Les mois d'hiver sont pour moi une source de stress à peu près équivalente à celle que provoque la mention du nom "Julie Gayet" à Valérie Trierweiler. La quasi-totalité de mon activité professionnelle se ramasse sur la période qui court de novembre à février, pendant laquelle je perds en général la vie sociale que j'ai réussi à reconquérir les huit mois précédents.

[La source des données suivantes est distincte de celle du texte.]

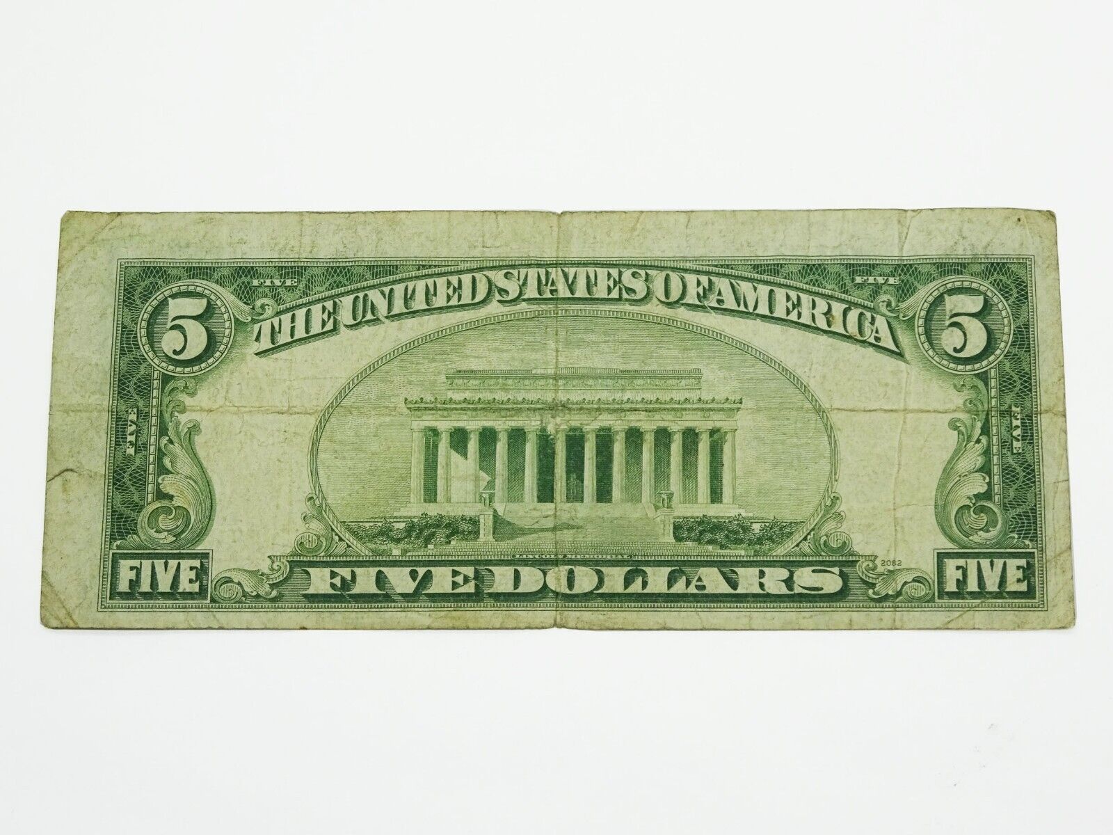 Series of 1950 $5 five dollar Federal Reserve note, with the bottom and left parts of the note cut closer to the noteâs design than intended.
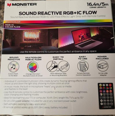 [This review was collected as part of a promotion.] The Monster - IR 5m RGBIC strip was so easy to install. I decided I wanted to stick it to the back side of my wall mounted TV. I was able to attach the strip without issue and it was simple to cut to the length I needed for my TV. I love that this strip is sound reactive. It makes the whole mood of the room change with the sound. I like that this strip is powered vs battery operated because I believe powered produces better quality effects and better reaction time. I think having a remote to operate the strip is very convenient and it works great. This is a wonderful addition to our TV watching experience.
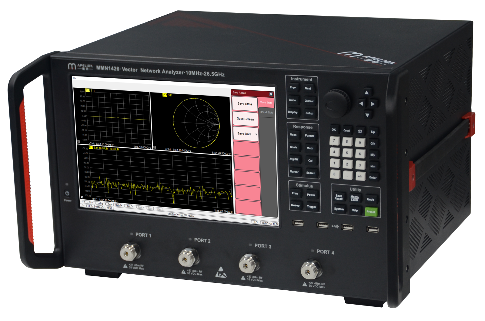 MMN1000 系列矢量网络分析仪是魔研匠造中端核心产品,频率覆盖 10MHz-26.5GHz,提供 2/4 端口配置选择,动态范围高达 128dB@1GHz,中频带宽 1Hz-1.5MHz,测量精度出众。支持 S 参数、接收机测量等多元功能,兼容主流校准件与 SCPI 语言,配备 12.1 英寸高清电容屏及丰富通信接口,操作便捷高效。依托高校研发团队与专业技术积淀,专注射频测试仪器创新,具备优异的信号纯度与稳定性,适配无线通讯、汽车电子、航空航天等多领域研发生产需求,是性能可靠、适配性广的国产高端矢量网络分析仪优选。
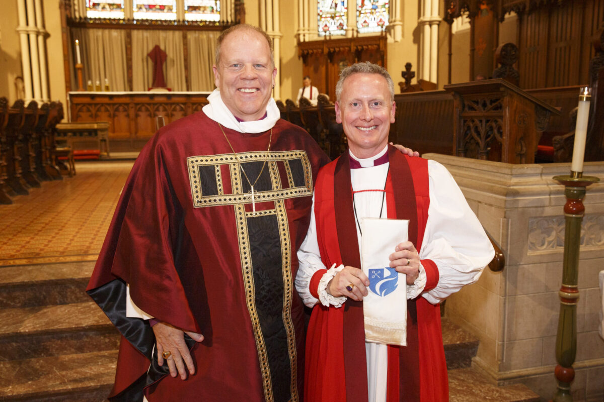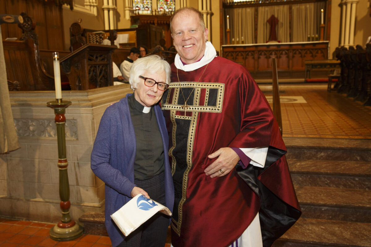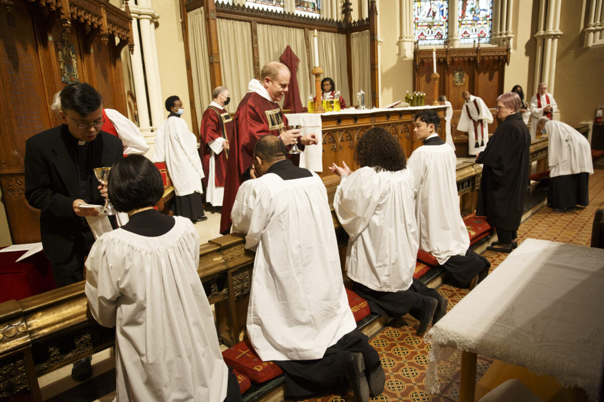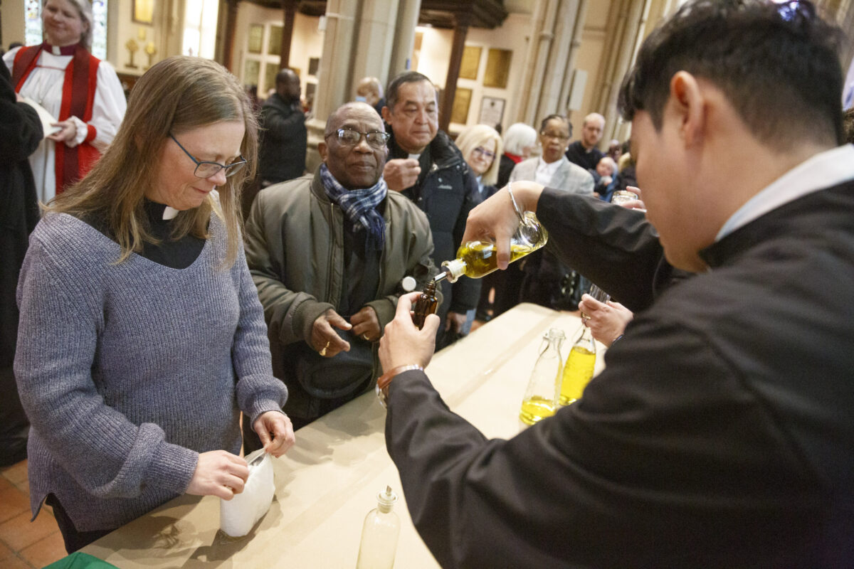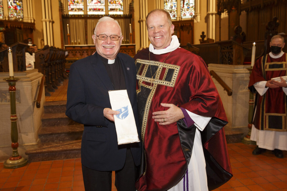 Bishop Andrew Asbil presents stoles to clergy in honour of their 25th and 50th years of ordination to the priesthood at the diocese’s annual Blessing of Oils and the Reaffirmation of Ordination Vows of Bishops, Priests and Deacons service at St. James Cathedral on April 4. After the service, clergy received consecrated oil for anointing and healing
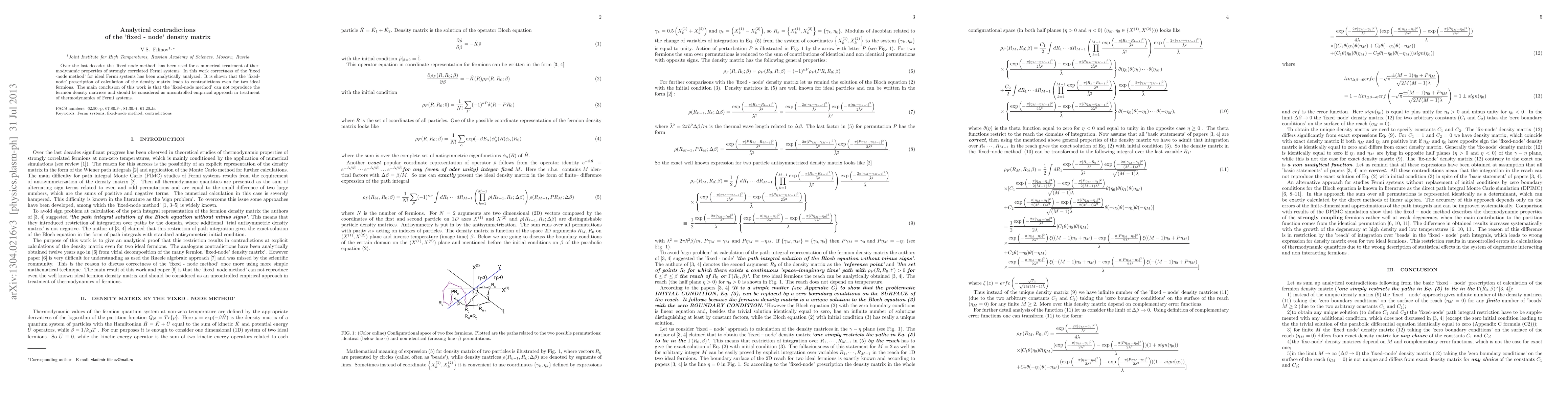 Over the last decades the 'fixed-node method' has been used for a numerical treatment of thermodynamic properties of strongly correlated Fermi systems. In this work correctness of the 'fixed -node method' for ideal Fermi systems has been analytically analyzed. It is shown that the 'fixed-node' prescription of calculation of the density matrix leads to contradictions even for two ideal fermions. The main conclusion of this work is that the 'fixed-node method' can not reproduce the fermion density matrices and should be considered as uncontrolled empirical approach in treatment of thermodynamics of Fermi systems.
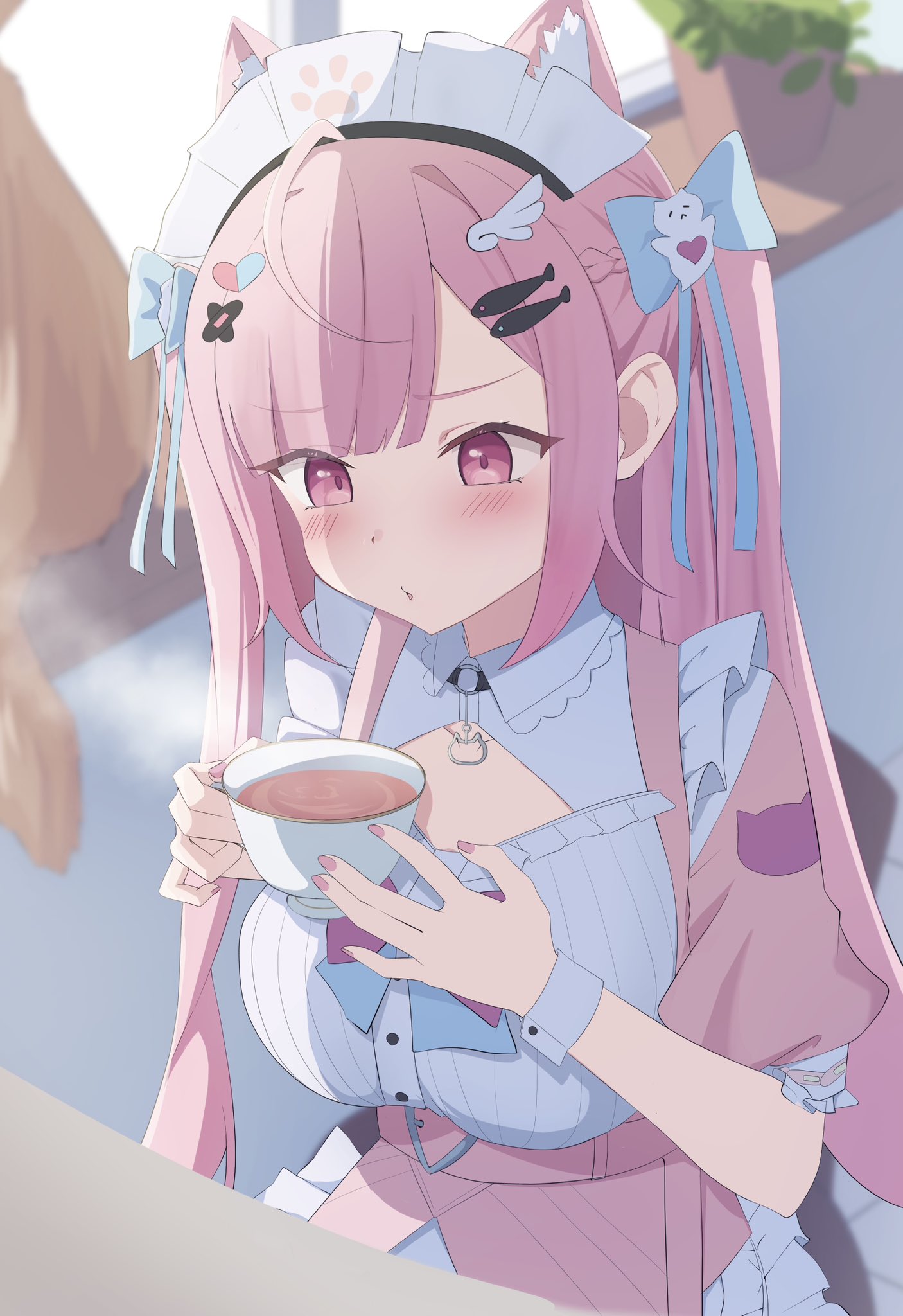 1girl ahoge animal_ears bandaid bandaid_hair_ornament belt blowing blush bow breasts cat_ears cat_girl chest_bow crossed_bandaids cup dress fish_hair_ornament ghost_hair_ornament hair_bow hair_ornament heart heart_hair_ornament highres holding holding_cup indie_virtual_youtuber long_hair looking_at_object maid maid_headdress paw_print paw_print_pattern pink_belt pink_dress pink_eyes pink_hair ponono_desu solo tea two_side_up virtual_youtuber white_wrist_cuffs wing_hair_ornament wing_hairpin wrist_cuffs yuuki_sakuna yuuki_sakuna_(1st_costume)
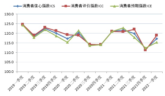 二、2022年第一季度上海市消费者信心指数为117.1点,环比上升5.4点,同比下降3.8点,指数处于乐观区域较高点位。

Dans ces conditions, on comprendra que le titre d'un article américain relayé sur Facebook m'ait alléchée: "J'ai vécu une journée en suivant l'emploi du temps de Benjamin Franklin et ça a changé ma vie." Je ne savais même pas que Benjamin Franklin avait eu un cahier de texte, encore moins qu'il était passé à la postérité. Forcément, je m'empresse d'aller lire l'article, histoire de perdre 5 précieuses minutes que j'aurais pu consacrer à respirer.

5h du matin, un rayon de soleil vient tapoter la joue de Benjamin, qui se dépêche de se préparer pour être habillé quand l'ami Ricoré passera lui apporter son café. Au bout d'une seconde d'une interminable réflexion, je décrète que le réveil à cinq heures du matin n'est absolument pas envisageable pour ma petite personne sous peine de me transformer en tyrannosaure blessé. La mauvaise humeur en plus. Je zappe cette partie, Benji ne m'en tiendra pas rigueur, je passe à l'étape suivante.

De 6h à 8h, Benjamin anticipe avec une sagesse toute milleseptcentquatrevingtonzième ce qu'il peut faire de bien pour l'Humanité pendant sa journée. Moi je me dis que si j'arrive à passer la journée sans estourbir la moitié de l'équipe éditoriale de mon client principal, ce sera déjà bien. 

De 8h à midi, Benjamin et moi travaillons sagement à nos bureaux respectifs. Je note toutefois que son téléphone sonne moins que le mien et que personne ne lui demande trois fois de chercher une photo "pareille que celle-ci, mais en plus différente, si vous pouvez". A 11h, il se lève pour aller se tartiner une tranche de pain, je m'apprête à l'imiter lorsqu'un email urgent s'affiche sur mon écran: "nous voudrions utiliser un tableau de Dali que personne n'a trouvé nulle part, pouvez-vous vous en occuper? Comment ça, ce n'est pas possible? Nous ne vous croyons pas, merci de nous faire suivre l'e-mail de refus que vous a envoyé Monsieur Dali." Benjamin revient de la cuisine en me soufflant "Bon appétit!" avec un sourire jovial, je lui aplatis sa tartine sur la figure.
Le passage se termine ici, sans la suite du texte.